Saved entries
§ §

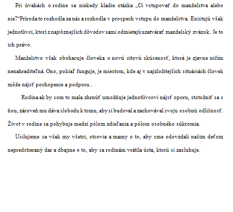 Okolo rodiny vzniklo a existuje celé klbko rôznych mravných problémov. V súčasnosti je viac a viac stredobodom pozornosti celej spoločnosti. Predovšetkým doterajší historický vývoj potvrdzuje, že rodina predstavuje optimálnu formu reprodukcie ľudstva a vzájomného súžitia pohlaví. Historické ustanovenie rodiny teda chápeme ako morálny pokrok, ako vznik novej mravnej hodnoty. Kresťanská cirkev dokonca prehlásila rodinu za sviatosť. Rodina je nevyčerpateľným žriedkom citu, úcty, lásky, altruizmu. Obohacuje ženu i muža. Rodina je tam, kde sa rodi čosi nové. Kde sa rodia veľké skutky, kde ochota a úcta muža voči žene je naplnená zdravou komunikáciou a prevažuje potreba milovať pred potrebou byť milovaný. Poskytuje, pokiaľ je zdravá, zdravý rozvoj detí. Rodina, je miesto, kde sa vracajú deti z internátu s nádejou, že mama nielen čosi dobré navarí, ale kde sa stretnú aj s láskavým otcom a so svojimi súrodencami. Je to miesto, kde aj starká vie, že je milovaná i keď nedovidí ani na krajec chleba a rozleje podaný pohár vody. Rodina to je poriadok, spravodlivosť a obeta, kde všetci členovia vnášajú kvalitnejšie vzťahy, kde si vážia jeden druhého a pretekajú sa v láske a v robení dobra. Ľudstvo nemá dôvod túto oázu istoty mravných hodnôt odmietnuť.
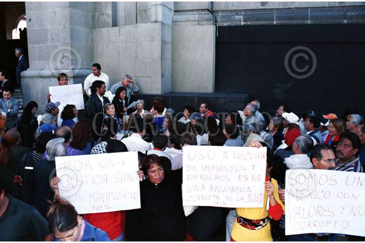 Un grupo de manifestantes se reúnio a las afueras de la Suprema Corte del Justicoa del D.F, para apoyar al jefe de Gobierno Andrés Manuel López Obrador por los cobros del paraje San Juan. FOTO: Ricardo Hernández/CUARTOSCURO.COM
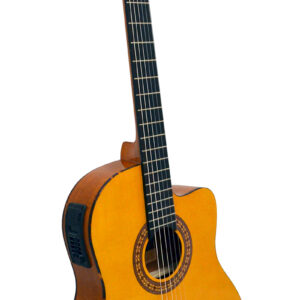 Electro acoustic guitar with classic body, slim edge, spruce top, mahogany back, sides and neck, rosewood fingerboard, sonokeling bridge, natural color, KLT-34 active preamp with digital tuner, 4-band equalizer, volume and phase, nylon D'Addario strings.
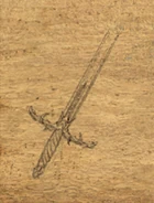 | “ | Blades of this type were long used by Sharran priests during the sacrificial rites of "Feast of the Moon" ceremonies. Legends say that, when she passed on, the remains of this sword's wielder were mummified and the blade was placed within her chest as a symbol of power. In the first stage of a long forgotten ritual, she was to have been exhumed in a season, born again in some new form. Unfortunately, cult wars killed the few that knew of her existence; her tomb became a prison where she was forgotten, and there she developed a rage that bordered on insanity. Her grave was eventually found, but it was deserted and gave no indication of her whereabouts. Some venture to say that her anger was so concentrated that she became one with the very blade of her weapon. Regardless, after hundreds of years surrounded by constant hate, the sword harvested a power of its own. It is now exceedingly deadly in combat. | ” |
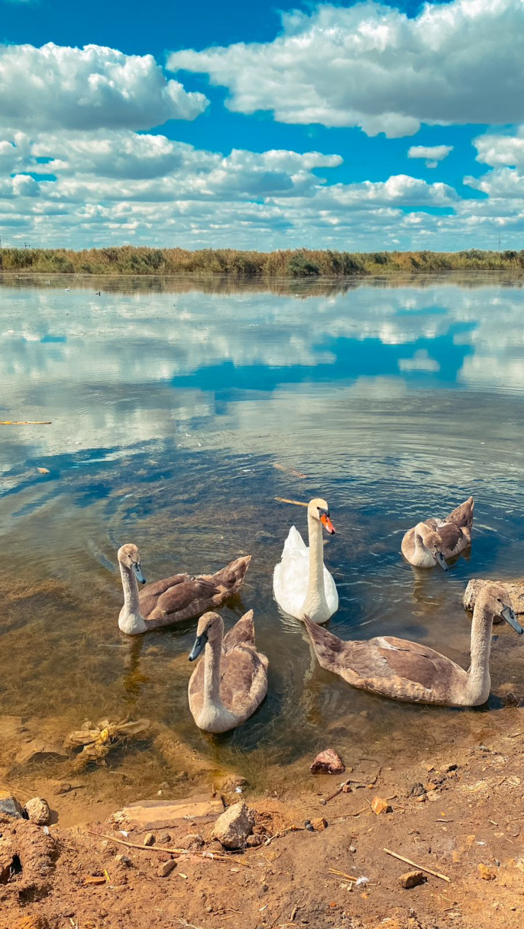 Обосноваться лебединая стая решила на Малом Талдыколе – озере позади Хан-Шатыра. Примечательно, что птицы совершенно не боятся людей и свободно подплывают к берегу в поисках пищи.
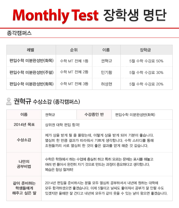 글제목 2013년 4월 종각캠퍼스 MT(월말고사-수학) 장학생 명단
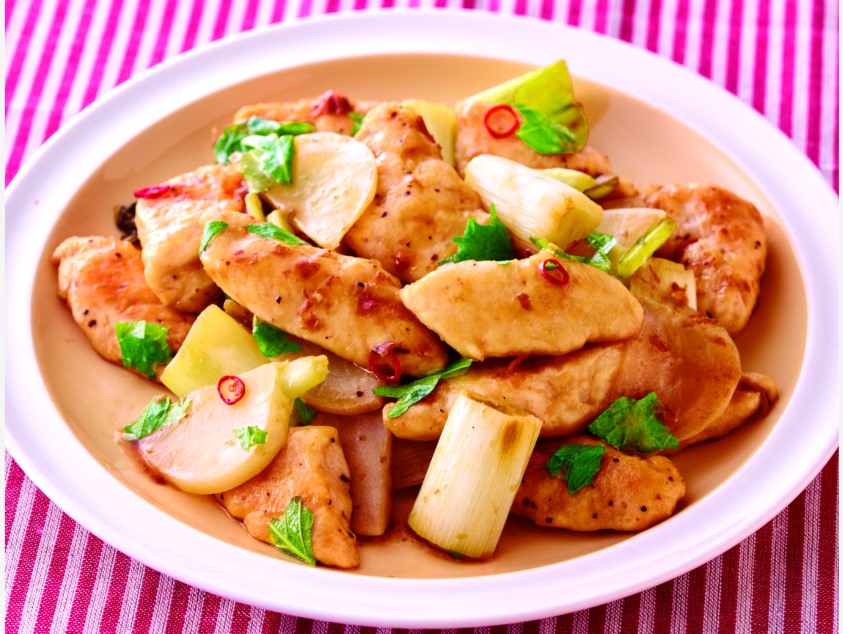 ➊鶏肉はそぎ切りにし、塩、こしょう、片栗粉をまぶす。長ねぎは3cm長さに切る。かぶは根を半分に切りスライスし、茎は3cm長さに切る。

§ §

What you return must match the lines from the top of the data through the line with "Electro acoustic guitar" exactly, with the pictures removed.

 Okolo rodiny vzniklo a existuje celé klbko rôznych mravných problémov. V súčasnosti je viac a viac stredobodom pozornosti celej spoločnosti. Predovšetkým doterajší historický vývoj potvrdzuje, že rodina predstavuje optimálnu formu reprodukcie ľudstva a vzájomného súžitia pohlaví. Historické ustanovenie rodiny teda chápeme ako morálny pokrok, ako vznik novej mravnej hodnoty. Kresťanská cirkev dokonca prehlásila rodinu za sviatosť. Rodina je nevyčerpateľným žriedkom citu, úcty, lásky, altruizmu. Obohacuje ženu i muža. Rodina je tam, kde sa rodi čosi nové. Kde sa rodia veľké skutky, kde ochota a úcta muža voči žene je naplnená zdravou komunikáciou a prevažuje potreba milovať pred potrebou byť milovaný. Poskytuje, pokiaľ je zdravá, zdravý rozvoj detí. Rodina, je miesto, kde sa vracajú deti z internátu s nádejou, že mama nielen čosi dobré navarí, ale kde sa stretnú aj s láskavým otcom a so svojimi súrodencami. Je to miesto, kde aj starká vie, že je milovaná i keď nedovidí ani na krajec chleba a rozleje podaný pohár vody. Rodina to je poriadok, spravodlivosť a obeta, kde všetci členovia vnášajú kvalitnejšie vzťahy, kde si vážia jeden druhého a pretekajú sa v láske a v robení dobra. Ľudstvo nemá dôvod túto oázu istoty mravných hodnôt odmietnuť.
 Un grupo de manifestantes se reúnio a las afueras de la Suprema Corte del Justicoa del D.F, para apoyar al jefe de Gobierno Andrés Manuel López Obrador por los cobros del paraje San Juan. FOTO: Ricardo Hernández/CUARTOSCURO.COM
 Electro acoustic guitar with classic body, slim edge, spruce top, mahogany back, sides and neck, rosewood fingerboard, sonokeling bridge, natural color, KLT-34 active preamp with digital tuner, 4-band equalizer, volume and phase, nylon D'Addario strings.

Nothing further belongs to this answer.